The AUD is at 61.92 this morning, trading to a high of 62.01 very early in the session before slipping away and then mostly climbing back towards the opening value late in the session. Some analyst are calling the jump in the AUD a dead cat bounce, time will tell, but there are no underlying economic improvements to speak of that are fueling the AUD recovery at present. The next question I guess, is will the RBA cut rates in Feb as most think they will, it’s not a given.

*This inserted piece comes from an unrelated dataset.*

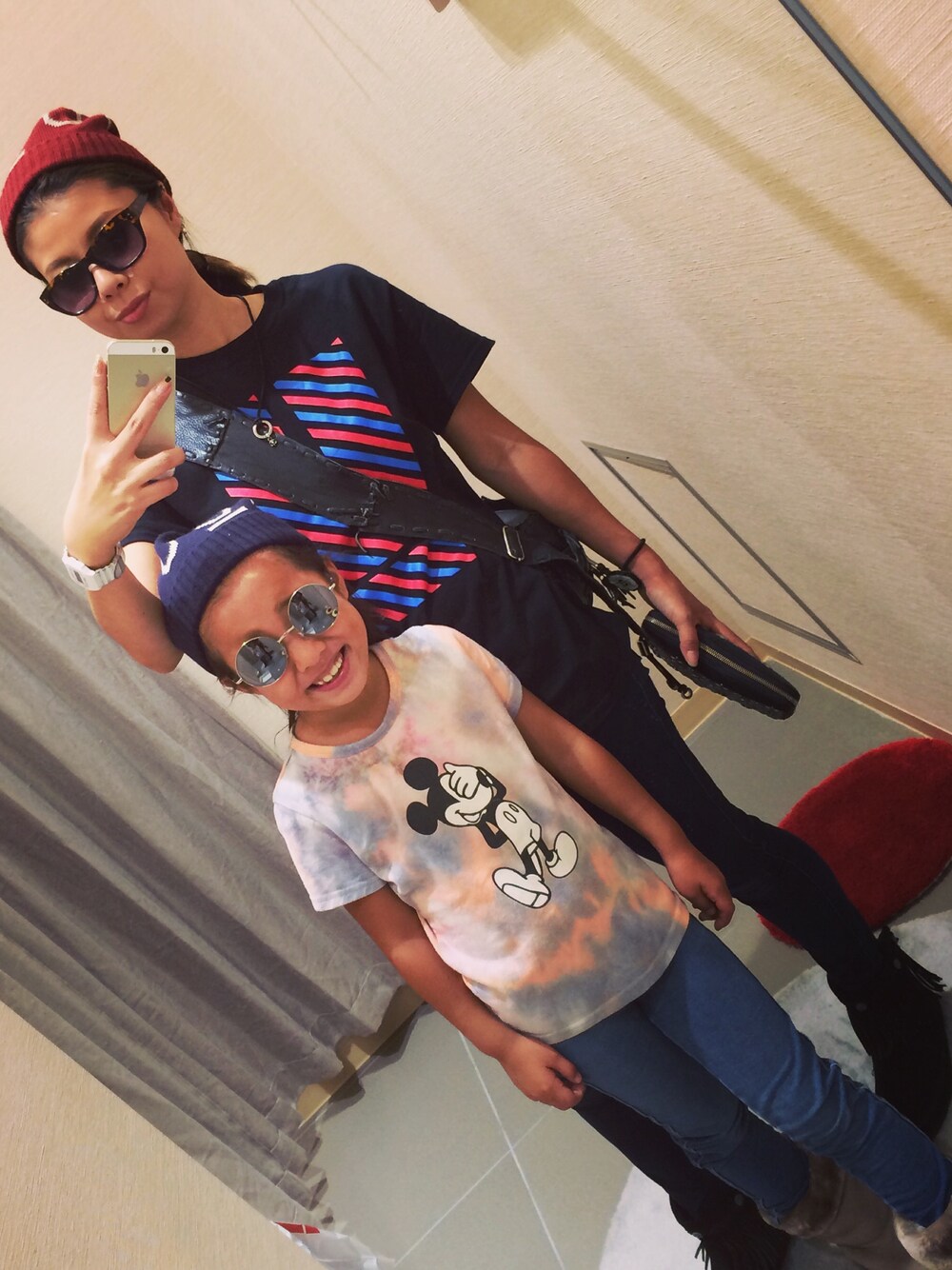 初の親子コーデ!はずかしw uuのニットキャップがポイントです!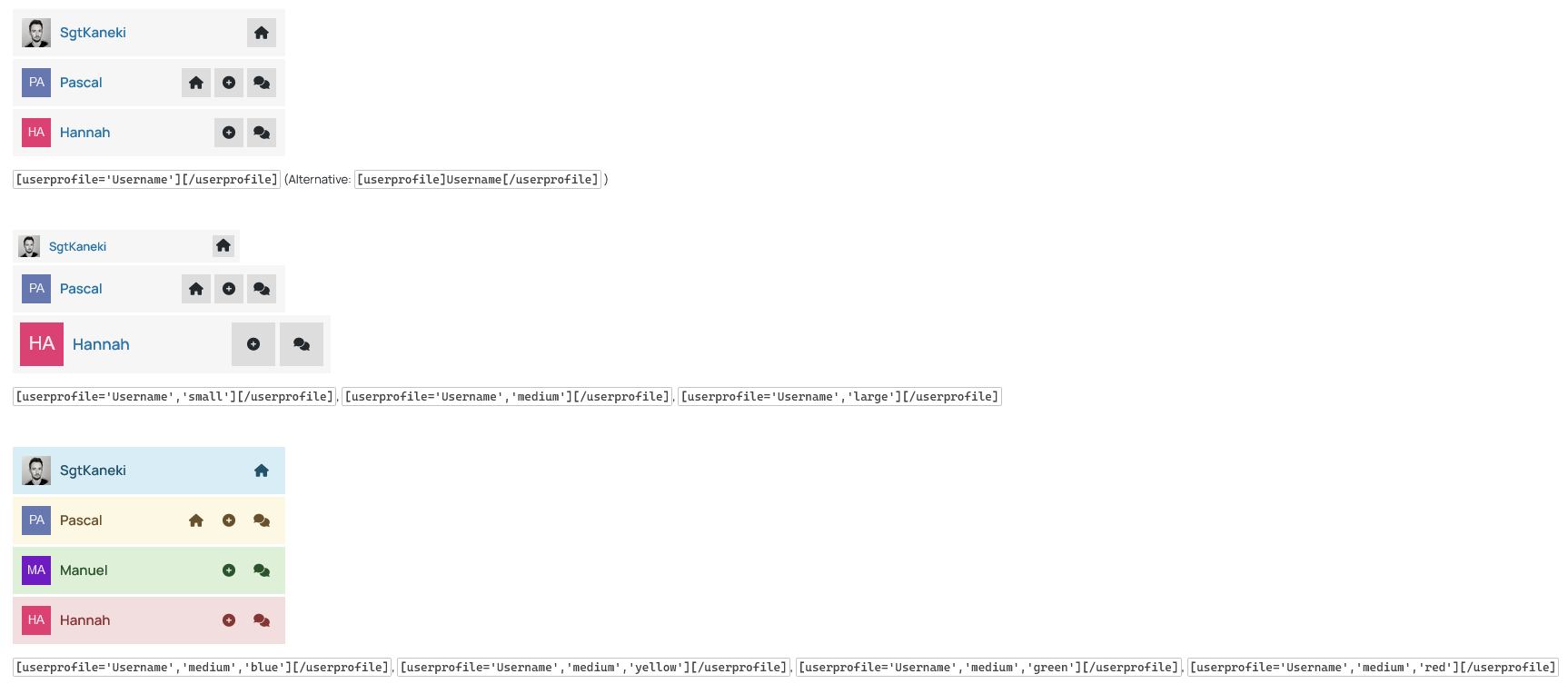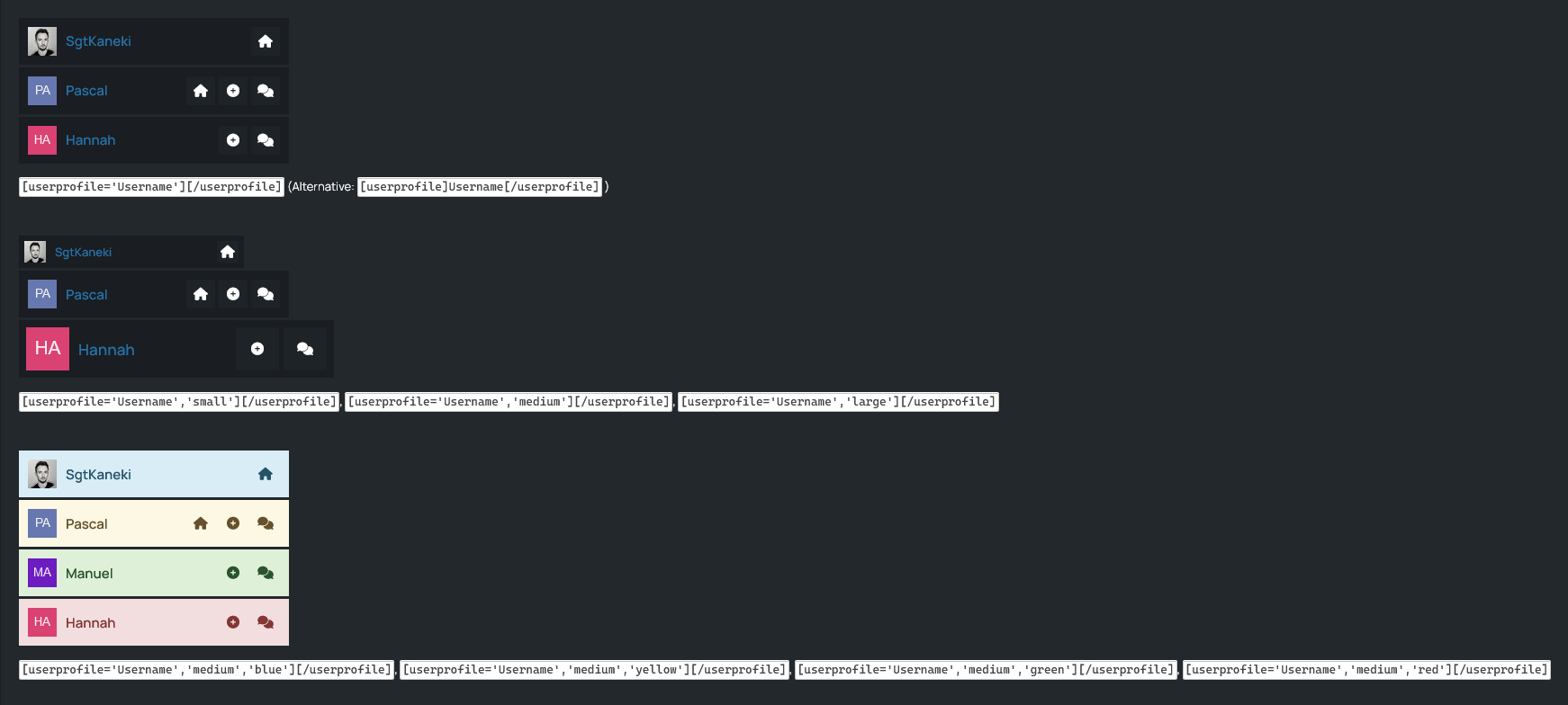 [userprofile]SgtKaneki[/userprofile] oder [userprofile='SgtKaneki','large','blue'][/userprofile]

World cash grain values were mostly flat to lower. The AUD is having as big an impact on conversions as what any move in origin currency grain values is having. US Pacific Northwest cash values were generally back AUD$2.00 to AUD$4.00 compared to yesterdays conversion. With local markets shedding AUD$7.00 worth of basis yesterday there’s no real reason for local prices to follow this move lower. Since when has that stopped a good slaughtering of cash bids though. Russian, Ukraine, French and Argentine bids, in AUD / tonne, compared to yesterdays conversions, are all lower by a couple of bucks or less.
There are no fundamental issues that are likely to have a major impact on world wheat values between now and next months USDA report. The short term looks very sideways with more influence from currency fluctuations and political intervention, or should I say political interruption, in the grain market.